How to deploy the stack

  1. Create a python virtualenv

    $ python3 -m venv .venv
  2. Activate your virtual environment

    For Mac/Linux platform:

    $ source .venv/bin/activate

    If you are a Windows platform, you would activate the virtualenv like this:

    % .venv\Scripts\activate.bat
  3. Install required dependencies

    $ pip install -r requirements.txt
  4. Bootstrap your environment (if required)

    If you have not previously used CDK, bootstrap your environment

    $ cdk bootstrap
  5. Define your configuration

    Setup your Amazon SageMaker Endpoint Manager and configure the models that you'd like to deploy by opening the config/config.json file with a text editor.
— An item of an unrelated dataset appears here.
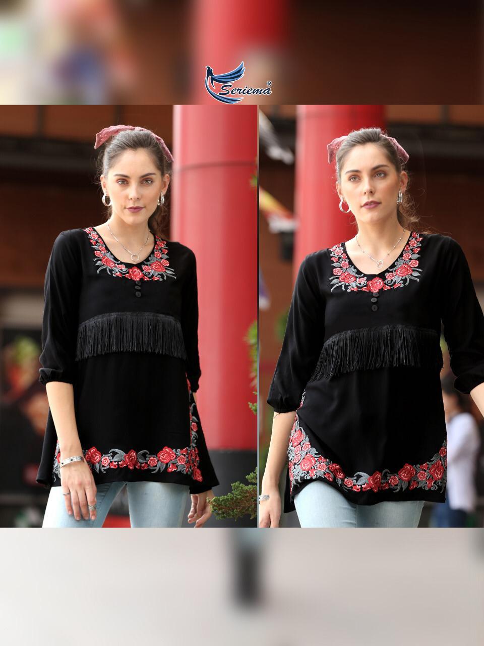 Sir / Madam It�s not about brand, it�s about style       * SERIEMA* Matching style and class with luxury and comfort....! Simple Style to match your ? with      *FANCY TOP*     *SERIEMA�* Always willing to comfort and Exclusive quality as unique as you.  CATALOGUE NAME         *GLAZIER-HITS*  Brand :  *SERIEMA®*        Fabric ? *TOP* :-    *HEAVY RAYON 14KG*   *WITH STYLISH EMBROIDERY * *FULLY STYLISH SELVESS WITH CLASSY LOOK* * CROCHET ? LACE* SIZE : *S*  *M*  *L* *XL* *XXL*      *36* *38* *40* *42* *44* * RATE ?:- 465* *5%GST EXTRA* *DISPATCH NO:- 27JAN* Set to Set *#Merging style with elegance* *#Try it, wear it, love it.* *#Unbeatable_price* *#Summer_collection* *Like and share with your customers ... l* Regards *SERIEMA* |

Configure the project settings such as your project_prefix, region_name - region to deploy the stack and ddb_auth_table_name. For more information on the configuration, refer to the Endpoint manager Configuration section.
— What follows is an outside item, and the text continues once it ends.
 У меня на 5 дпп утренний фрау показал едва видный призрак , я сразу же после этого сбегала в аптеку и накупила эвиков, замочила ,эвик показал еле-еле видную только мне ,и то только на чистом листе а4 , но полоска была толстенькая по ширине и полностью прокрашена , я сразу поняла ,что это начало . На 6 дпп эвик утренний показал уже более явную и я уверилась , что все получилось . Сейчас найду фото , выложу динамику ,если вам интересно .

    Next define the jumpstart models you'd like to deploy. For more information on the jumpstart model configuration, refer to jumpstart model configuration section. Below, you can find an example of how to deploy a real-time falcon40b and flan jumpstart model. You will also find additional examples in the config/example-configs.json file.

    Example Jumpstart model configuration

    Falcon 40B - Realtime publicly accessible Endpoint configuration using apigateway/lambda integration

            "name" : "Falcon40BPublic",
            "model_id" : "huggingface-llm-falcon-40b-instruct-bf16",
            "inference_instance_count": 2,
            "inference_instance_type" : "ml.g5.12xlarge",
            "inference_type": "realtime",
            "public": true,
            "schedule": {
                "initial_provision_minutes": 90
            "integration": {
                "type": "lambda",
                "properties": {
                    "lambda_src": "functions/falcon",
                    "api_resource_name": "falcon"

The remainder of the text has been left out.